Wednesday, October 15, 2008

Pasta Express Machine

I LOVE YOU THE IDEA IS THAT ... FINDING OUT WHERE



I take that I'm still mad thanks to whistle-mariguanérico therapeutic self-prescribe and leave me in the deep and delve into a subject to which I referred in the last post ... "I concluded that I am beautiful because I have only wanted to be, just because I have wanted to feel that way "...

Beauty is something very, very subjective in the early s. Women XX "ideal" average five feet and weighed about sixty-three kilos (with my five feet four and my fifty-seven kilos, proportionately speaking, I, if I lived at the beginning of last century would be perfect ... modesty aside) is more even, if we remember the African tribes and some of the rituals performed to beautify and royalties as "beauty" we have an exaggerated example of what I say.

The concept of beauty that we have today, slender, not muscular, athletic self, silky hair, zero fat, glowing skin, less than thirty, eternally young, with all the time ahead, is a prototype that has been thrust force and Vaseline in our subconscious for years on media, advertising and marketeo, beauty, today is not just another way to sell, sell, sell, sell image, sell the prototype, make that mine does not look anything like the model buy the mineral water business, the drink, that pack of cigarettes, the beer, you want that rag, you look like her, so have taught, they have learned.

In summary, discuss fees eternal beauty is so vague and useless as arguing about religion, politics or football ... I remembered a movie I loved as a kid "The Gods Must Be Crazy" that of an African tribe that includes a bottle of coca-cola falls from an airplane and is the pure bitch, that. In that movie there is a scene where a gringo is undressed and stares at the black and mine feels haunted by half this crazy psychopath and clear, the black looks very fixed and rare, but that is horrible and strange.

The beauty does not exist, is a concept, an idea, therefore is not absolute, on the contrary, as I said is something wholly subjective, the prototype of beauty in ancient Greece century AC II (Venus de Milo) is quite different from the baroque beauty prototype of the Middle Ages and the s. XXI, however, the ancient Greeks, the baroque, medieval people and the current are virtually identical be several in a couple of inches and we live longer, but physically we are almost the same, identical but has varied is the concept of beauty, the prototype.

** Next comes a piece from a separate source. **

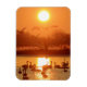 Impressionante e romântico vista cênica de cisnes na silhueta num lago ao nascer do sol.

Well ... does it matter so much beauty in reality? I recognize vain and sometimes pretentious, I think I heard half of my life and has been raised with that "tomorrow we start a diet, Carlita" "Enter the wadding, Carlita", "take off some embellishment, please Carlita", "You're getting fat again, Carlita" and the truth is that I do not know if I want both, that's when you realize that they are learned things that not necessarily true, which is not necessarily all, one sees how it feels.
words, does it matter so much beauty? Perhaps if I ever pass a car and into the pit of the face and the wea I stay forever shattered as plasticine would still perhaps is not the same person I am today? When one realizes that starts to love and be beautiful, but for other things. I'm cute just because I have wanted to be.

know that all this may sound superficial, but damn! Damn! I have boycotted the life worrying about such things, and when I say I do not mean trying to make a desperate figure of speech, I mean in its most literal sense, I had to hit me the worst thumping of my life to realize this I have been the most foolish of the world and I had to stick cachuchazo worst of my life to realize this. I'm pretty

only because I have wanted to be. I end with this phrase that I really loved.